Dr. Robinson-Morris is the Founder & Chief Reimaginelutionary at The REImaginelution, LLC, a strategic consulting firm working at the intersections of imagination, policy, practice, and prophetic hope to radically reimagine diversity, equity, and inclusion (DEI) toward racial justice and systemic transformation by engendering freedom of the human spirit; and catalyzing the power of the imagination to reweave organizations, systems, and the world toward collective healing and liberation. David has come to understand that more than knowledge or power or money is the imagination. ​
​
David, in March 2023, founded The Center for the Human Spirit and Radical Reimagining. The Center for the Human Spirit and Radical Reimagining serves as a dream-think tank and convener for individuals, communities, organizations, institutions, and systems across sectors interested in deepening their understanding of the issues impacting them and people of the global majority who are disparately suffering from the impact of inequitable policy and oppressive practices. More importantly, the Center is an agent of transformation—combining education, equity and justice-centered critical social analysis, the tenets of healing justice, and contemplative practice to activate the collective social imagination to disrupt and reweave institutions, systems, and communities for collective liberation and healing.
​​
In January 2024, Dr. Robinson-Morris accepted an appointment as the inaugural Executive Director for the Institute for Black Intellectual and Cultural Life at Dartmouth College. The Institute was designed to advance and support research, scholarship, and aesthetic expressions of the Black diaspora throughout the globe while serving as a site of intellectual and physical convening to generate innovative thinking across disciplines, promote collaboration, and practice dialogical engagement. Situated firmly within the Black intellectual tradition, its primary goal is to achieve social transformation by fostering of community and scholarly engagement at Dartmouth and beyond to excavate and uplift Black diasporic knowledge and culture, and to increase understanding of the autogenic brilliance of Black diasporic humanity, culture, and intellectual thought.
​
Dr. Robinson-Morris served as the Executive Director in service to The Center for Contemplative Mind in Society (CMind), a global community of contemplative practitioners and scholars whose goal is the ongoing development of racial, social, economic, and environmental justice and the advancement of human flourishing within society and higher education, more specifically. After nearly 30 years of service to society, the higher education sector and the contemplative studies movement, David made the difficult recommendation to the Board of Directors to sunset the organization due to longstanding financial instability yet successful fulfillment of its founding mission. CMind ceased its operations on October 1, 2022.
​
David has served as the Regional Director of Diversity and Inclusion of the Bayou Region for Ochsner Health. He is the Founding Director of The Center for Equity, Justice, and the Human Spirit, former Assistant Professor in the Division of Education and Counseling and served as Assistant Vice President of Development at Xavier University of Louisiana.
​
Dr. Robinson-Morris’ career as an upper-level administrator is grounded in his work as a social justice and human rights advocate and academic, whose engagements across several platforms including higher education institutions, government, human rights organizations, corporations, non-profit, religious, and philanthropic organizations seek to impact policy, change practice, and uplift the human spirit wherever it is diminished.
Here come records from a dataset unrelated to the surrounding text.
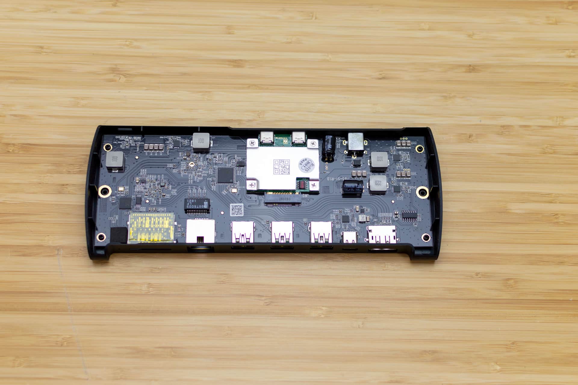 ما با اتصال USB ادامه می دهیم. این داک دارای ۱ پورت USB-A 3.0 5Gbps به رنگ آبی برای اتصال وسایل جانبی است. سپس ۲ پورت USB-A 3.1 10Gbps به رنگ سبز برای انتقال داده با سرعت بالا داریم. در نهایت یک پورت USB-C 3.1 10Gbps برای انتقال داده یا اتصال گوشی هوشمند داریم.
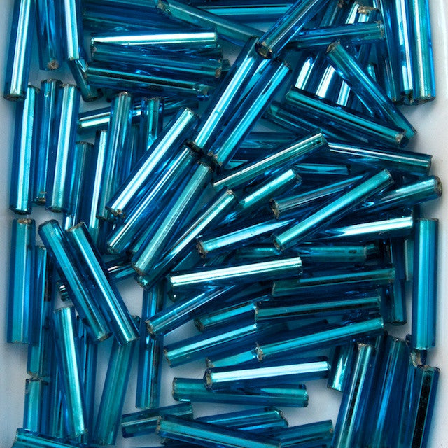 Glass bead- 7/16 inch or 11mm size 5 silver lined aqua bugle.
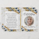 Anpassa det här moderna begravningsprogrammet för elegant med eget foto och egen text för att skapa en speciell hyllning till ditt barn. Ett 'In Loving Memory'-program som innehåller ett blått band med 3d-effekt och ett guld-minnesprogram för accent. På framsidan finns ett foto av din älskade, deras namn, data, minnesplatsen och evenemangets datum. På insidan finns en obituär serviceordning, och på baksidan finns ett tackkort, och på butikens plats finns också andra konstruktioner som erbjuder botaniskt grönt med ro och löv design och glitter/gyllene accents och Eucalyptus foliage för att uppfylla alla krav.
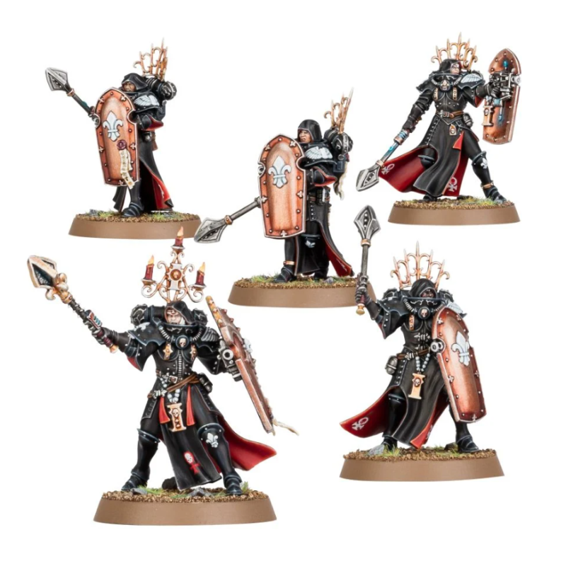 Ce kit plastique en 69 composants permet d'assembler cinq Célestes Sacro-saintes, dont l'une peut être Céleste supérieure, et il est fourni avec 5x socles ronds Citadel de 32mm. Le kit propose en option des têtes casquées ou encapuchonnées, et comme armes des hallebardes consacrées ou des masses sanctifiées.
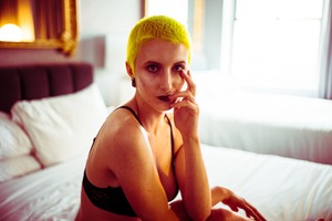 This intimate portrait captures a model with vibrant yellow hair, exuding confidence in a softly lit room. The juxtaposition of her bold look against the serene backdrop of white bedding creates an intriguing tension. The lighting highlights her features and draws attention to her piercing gaze, evoking a sense of allure and introspection.

Influenced by his understanding of Ubuntu—a South African philosophical notion of communalism and shared humanity—Dr. Robinson-Morris’ work promotes deep dialogical engagement as an approach to achieving racial, gender, and health equity when communities come to understand that our humanity is shared and is a quality we owe another. True equity and systemic transformation, in our communities and in our institutions, can only be realized when we come to understand difference as generative and the collective mandates systems to align policy and practice toward inclusion, which leads to a sense of belonging and mattering for every individual. His understanding of Ubuntu coupled with that of Eastern (Buddhist) philosophy informs his ongoing understanding of our shared, collective humanity.
​
As a scholar, David’s primary research centers on a single question: What does it mean to be a human being? This question requires expansion of our (public) imaginations and continuously informs his approaches to management, organizational leadership, teaching, and community involvement.
In 2020, Dr. Robinson-Morris led regional diversity and inclusion strategy for Ochsner Health System’s Bayou region of the state of Louisiana. As the inaugural Regional Director of Diversity and Inclusion for the region, David worked to develop a comprehensive and strategic diversity and inclusion framework that maps onto the System’s overarching efforts to improve health equity and health outcomes, increase patient satisfaction and employee engagement, and create an inclusive environment to aid in employee retention and belonging. In addition to leading and developing the Bayou regional diversity and inclusion strategy, he co-facilitated the System’s Quality and Nursing Diversity and Inclusion Work Groups, served on the System’s Health Equity Council and Steering Committee for the D&I High Potential Mentorship Program.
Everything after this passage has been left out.